START Data section

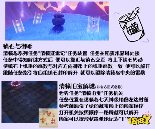 跟随任务指引将四组镇石封印解开,就可以驱除清籁岛中央的雷暴。
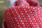 経糸(たていと)の赤の中に白いかすみ草が咲いているような織です。
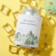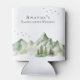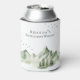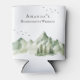 Watercolor landscape painting of trees, flying birds and montains in the background. Calm and serene nature illustration with pine trees and silhuettes of flying birds. Add names of bride and groom and the wedding date on this personalizes can cooler.

END Data section

What to produce
Return the complete material exactly as it appears, without images.

Written answer
 跟随任务指引将四组镇石封印解开,就可以驱除清籁岛中央的雷暴。
 経糸(たていと)の赤の中に白いかすみ草が咲いているような織です。
 Watercolor landscape painting of trees, flying birds and montains in the background. Calm and serene nature illustration with pine trees and silhuettes of flying birds. Add names of bride and groom and the wedding date on this personalizes can cooler.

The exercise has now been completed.